En 2017, des archéologues ont pu récupérer le crâne d’une femme décapitée dont la mort date d’il y a environ 5 600 ans dans une grotte difficile d’accès près de Bologne, en Italie. Après quatre ans d’études, les scientifiques ont finalement avancé une hypothèse permettant d’expliquer comment l’ossement humain est arrivé dans cet endroit improbable.

Le crâne a reposé dans la grotte pendant 5 600 ans

Le crâne a été découvert par les archéologues dans la grotte Dolina dell’Inferno en 2015. Cependant, ces derniers ont dû attendre deux ans pour pouvoir le récupérer. Publiée dans la revue PLOS One, l’analyse de l’ossement a révélé qu’il s’agissait du crâne d’une femme décédée à l’âge de 24 à 35 ans. En outre, la datation radiocarbone a permis de découvrir que la personne en question vivait entre 3 630 et 3 380 ans avant J.-C.

Les recherches ont également pu démontrer que la défunte n’était pas en bonne santé. De minuscules trous sur le dessus de son crâne s’apparentent notamment à une inflammation, peut-être provoquée par une carence en fer ou en vitamine B12. En outre, deux tâches denses sur l’ossement indiquent qu’elle a peut-être eu des tumeurs bénignes. Enfin, l’analyse d’une bosse, probablement survenue de son vivant, montre qu’elle avait peut-être subi une chirurgie crânienne.

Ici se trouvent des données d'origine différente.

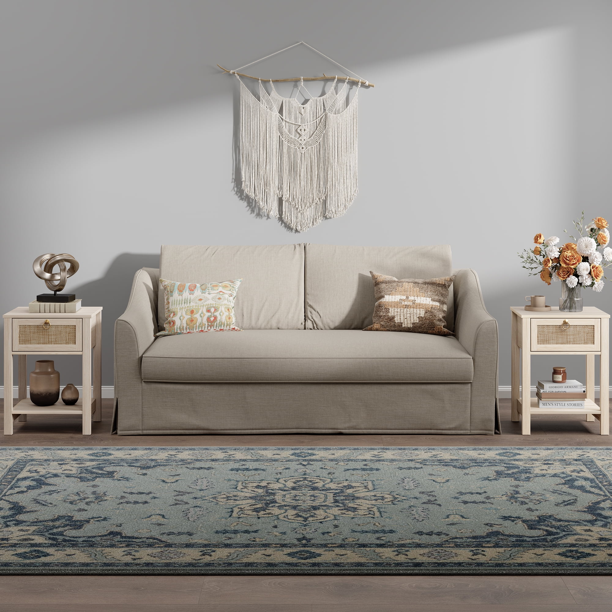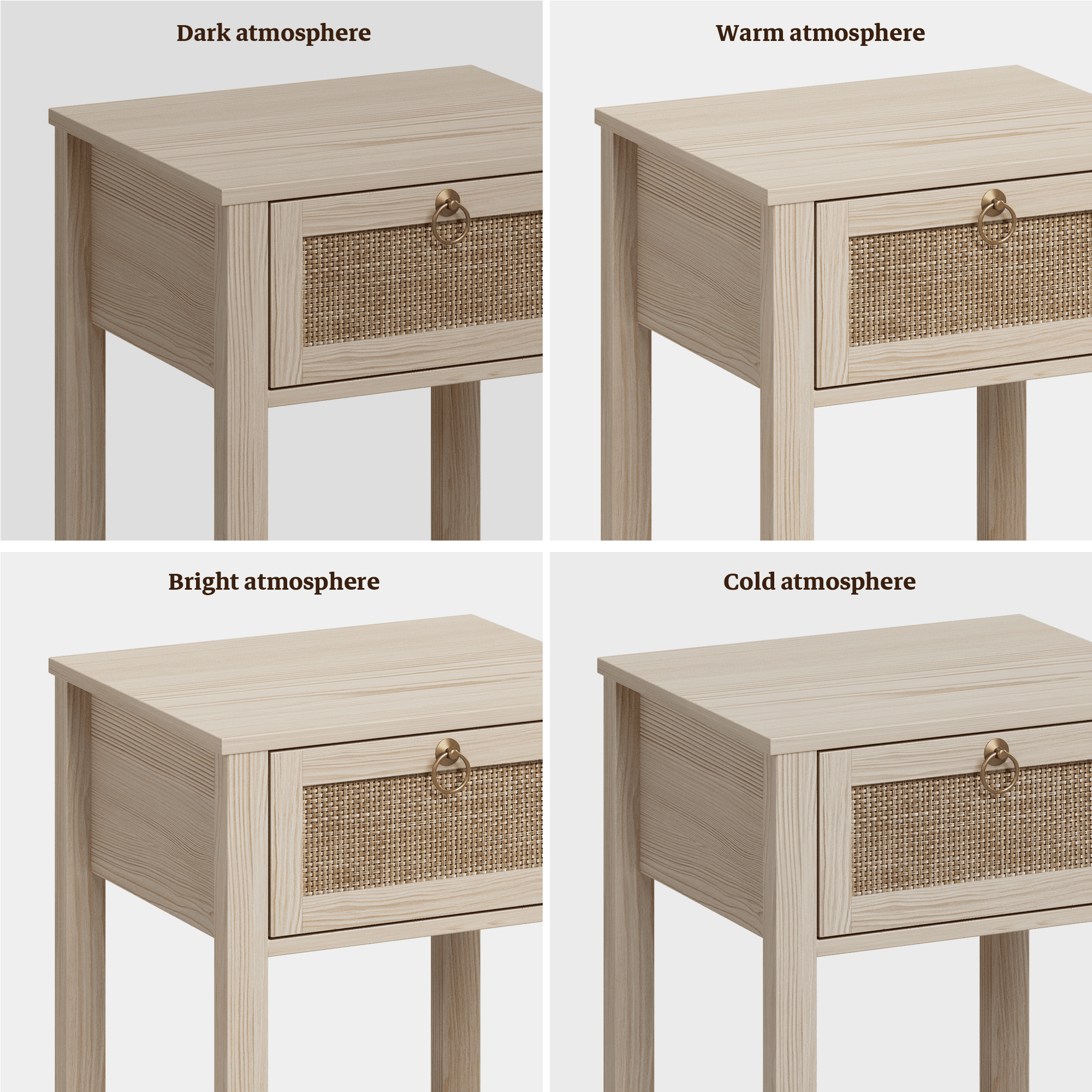 [Combination of Bohemian and Modern Nightstand Sets]This nightstand set of 2 is a perfect combination of bohemian style and elegant aesthetics, the whole is made of light white oak frame, its elegant rattan net finish and golden pull ring form the drawer, forming a unique appearance of the nightstand,suitable for various styles of home decoration, deliver perfect visual effect, add charming to your home. [Multifunctional Beside Table]The end table with rattan drawer is not only suitable for use as a nightstand and bedside table in the bedroom, but also as a sofa side table and accent side table in the living room. Perfect for large and small spaces, wide applications can meet your different needs. [Mutifunctional End Table]Wood Night Stand with AThe night stand features a storage drawer and an open shelf, providing ample space for storing books, magazines, remote controls, or other essentials you need to keep close at hand. The rattan weave adds texture and depth to the design while maintaining a natural and organic feel. The bedside table is sturdy, durable, and built to last. The wooden frame provides stability and support, while the rattan accents add character and charm. The natural finish complements any interior style and adds warmth to the overall look of the piece. [Easy to Assemble Side Table]Our living room table comes with clear instructions showing illustrations and labeling all spare parts. All kinds of screws are labeled and packaged individually, and all parts are also labeled, so as to provide customers with a better user experience.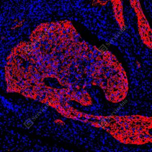 | IF检测Cytokeratin 1蛋白(货号 GB150183)(红色). 样品: 人肺鳞癌, 4%多聚甲醛 (货号G1101) 固定12-24小时. 抗原修复: 抗原修复仪(货号 ARI-4),柠檬酸抗原修复液(干粉, pH 6.0) (G1201), 100℃, 25分钟. 封闭: 3% BSA(货号GC305010)的PBS溶液, 室温孵育30分钟. —抗: 1: 1000稀释, 4℃ 孵育过夜. 二抗: Cy3标记山羊抗小鼠IgG (H+L) (货号GB21301), 1: 300稀释, 室温孵育1小时. |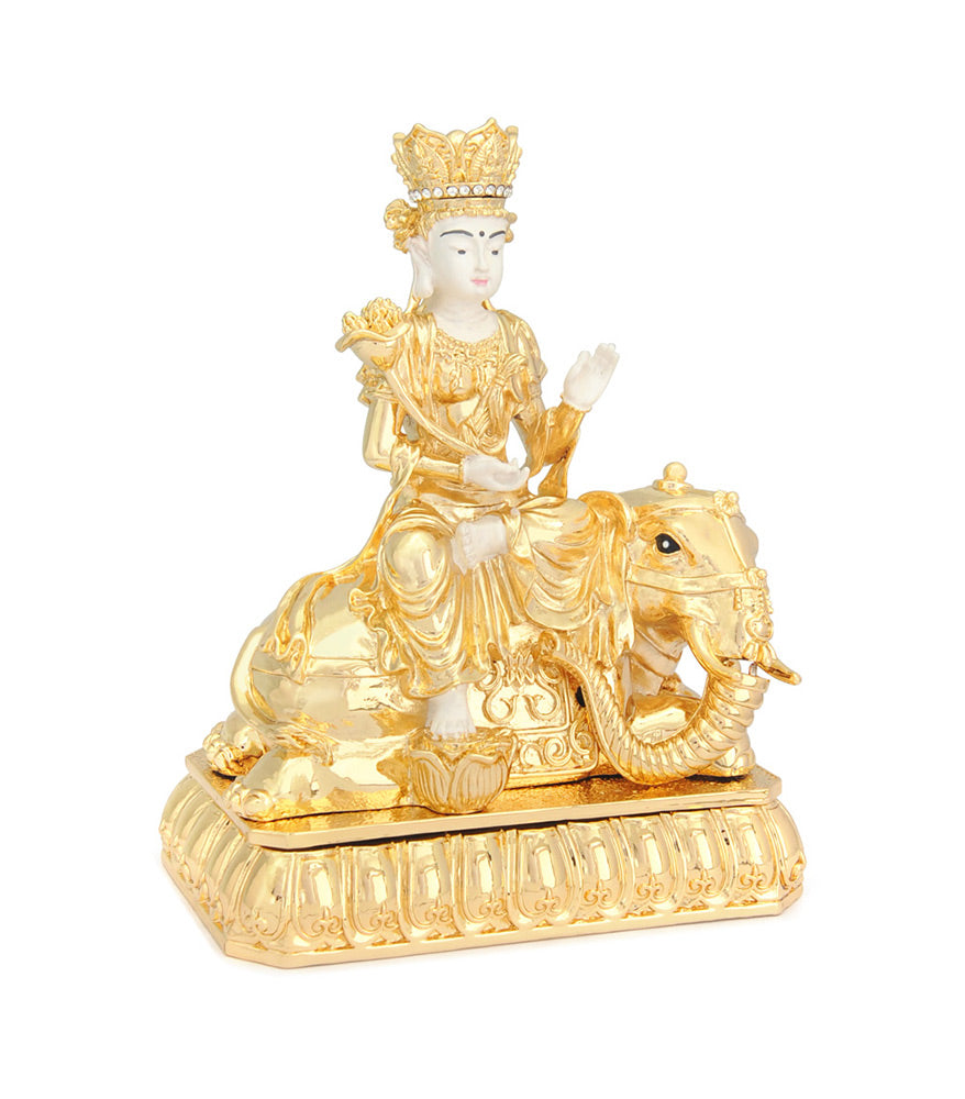 Having her in your home invites compassion and wisdom that will help you and your children develop a kind nature and build strong confidence without fear; Samantabhadra helps you overcome anger and self-doubt and helps you see a better way to living your life. The elephant represents one's journey of transformation to ultimate happiness.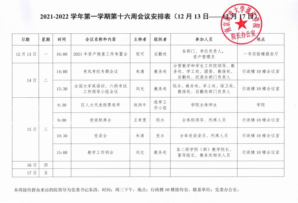 2021-2022学年第一学期第十六周会议安排表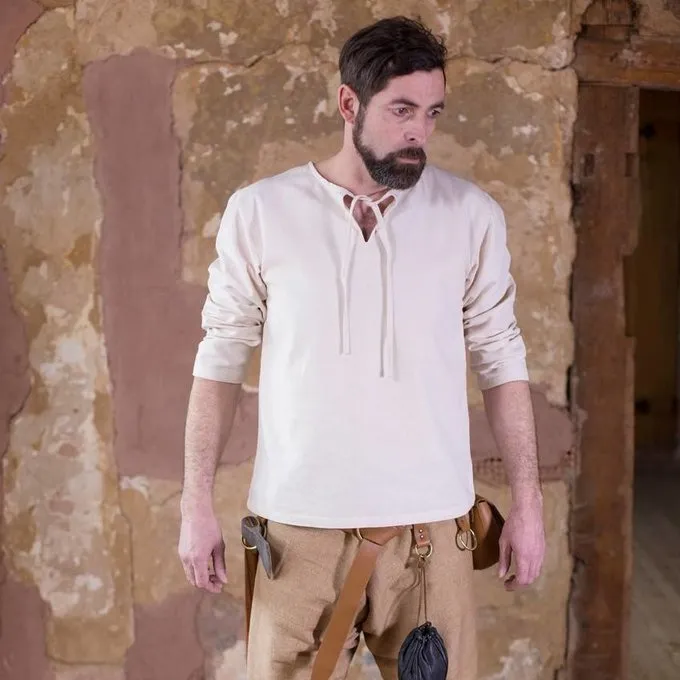 Shirts som disse blev båret i middelalderen i alle klasser af samfundet, fra ridder til bonde. Det har to stof snorer til at binde halsudskæring. Ærmerne har ikke snorer eller Knapper, så skjorten kan mageligt bæres under en slagkofte / brynjefrakke. På kolde dage skjorten kan bæres under en uld tunika eller skjorte for ekstra varme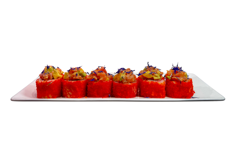 Рис, лосось охолоджений, тунець охолоджений, манго, авокадо, ікра, соус , огірок, японський омлет Тамаго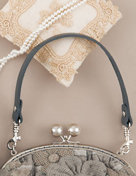 【別売り】「すてきな口金のハンドバッグポーチ[グレー]」に使用の口金と持ち手のセットです。口金には大きめのプラスチック玉がつき開閉しやすくなっています。持ち手の細さもエレガント。

Quelques zones d’ombre n’ont pas encore été élucidées par les scientifiques

En ce qui concerne la raison pour laquelle le crâne se trouvait isolé du reste du squelette, les scientifiques pensent que les membres de sa communauté l’ont démembrée après son décès, une pratique fréquente lors des enterrements dans cette région pendant cette période de l’histoire. Lorsque le crâne s’est retrouvé séparé du reste de son corps, les forces environnementales l’auraient tout simplement emporté dans la grotte.

Les chercheurs ont expliqué que le crâne a probablement été entraîné par l’eau et la boue à travers les fissures du sol tandis que les autres membres de son corps auraient pu rester coincés ailleurs ou se seraient éparpillés à différents endroits à travers les années. C’est en tout cas ce qu’ils ont pu déduire en analysant les dommages et sédiments incrustés dans l’os.

Thomas Terberger, un archéologue n’ayant pas pris part à l’étude, indique que le crâne se trouvait dans un endroit inhabituel, mais les scientifiques ont tout de même pu établir un scénario plausible de la façon dont il est arrivé dans cette grotte. Cependant, l’origine de certaines lésions sur l’ossement reste floue. « J’ai le sentiment que les auteurs eux-mêmes, qui ont fait du très bon travail, ne sont pas sûrs à 100 % de cela », a-t-il déclaré.